[[ Input data, beginning ]]
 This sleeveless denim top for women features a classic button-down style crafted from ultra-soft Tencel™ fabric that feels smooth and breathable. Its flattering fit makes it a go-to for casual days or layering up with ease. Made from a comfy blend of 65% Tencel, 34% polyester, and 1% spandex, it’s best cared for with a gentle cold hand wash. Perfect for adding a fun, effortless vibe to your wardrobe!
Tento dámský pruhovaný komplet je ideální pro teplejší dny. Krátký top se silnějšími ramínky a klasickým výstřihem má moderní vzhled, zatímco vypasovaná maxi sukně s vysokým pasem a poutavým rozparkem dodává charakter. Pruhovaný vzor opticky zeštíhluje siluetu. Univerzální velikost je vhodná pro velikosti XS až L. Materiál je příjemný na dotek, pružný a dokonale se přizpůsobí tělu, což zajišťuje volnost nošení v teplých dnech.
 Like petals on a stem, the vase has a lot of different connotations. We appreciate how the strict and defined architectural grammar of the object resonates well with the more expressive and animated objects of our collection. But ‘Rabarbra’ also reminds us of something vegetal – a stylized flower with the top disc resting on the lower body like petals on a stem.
[[ Input data, end ]]
[[ Input data, beginning ]]
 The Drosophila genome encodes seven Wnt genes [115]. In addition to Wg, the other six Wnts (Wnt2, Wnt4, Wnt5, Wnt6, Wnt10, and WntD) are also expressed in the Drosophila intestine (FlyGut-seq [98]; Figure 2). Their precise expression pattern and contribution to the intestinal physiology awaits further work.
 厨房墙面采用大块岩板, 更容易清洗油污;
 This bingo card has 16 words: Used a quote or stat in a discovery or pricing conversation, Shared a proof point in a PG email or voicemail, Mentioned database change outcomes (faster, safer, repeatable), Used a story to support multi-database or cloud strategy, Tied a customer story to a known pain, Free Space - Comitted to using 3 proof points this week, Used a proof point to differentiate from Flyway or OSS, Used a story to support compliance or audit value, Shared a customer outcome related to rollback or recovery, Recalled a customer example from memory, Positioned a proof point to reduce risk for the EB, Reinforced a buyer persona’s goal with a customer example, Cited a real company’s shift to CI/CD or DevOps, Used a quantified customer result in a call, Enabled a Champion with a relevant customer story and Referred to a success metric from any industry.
[[ Input data, end ]]
◆ **What is expected**: Using the entries above, give again exactly the lines from the line holding "The Drosophila genome" through the line holding "厨房墙面采用大块岩板, 更容易清洗油污;". Include both end lines and nothing else.

◆ **Answer to this task**:
 The Drosophila genome encodes seven Wnt genes [115]. In addition to Wg, the other six Wnts (Wnt2, Wnt4, Wnt5, Wnt6, Wnt10, and WntD) are also expressed in the Drosophila intestine (FlyGut-seq [98]; Figure 2). Their precise expression pattern and contribution to the intestinal physiology awaits further work.
 厨房墙面采用大块岩板, 更容易清洗油污;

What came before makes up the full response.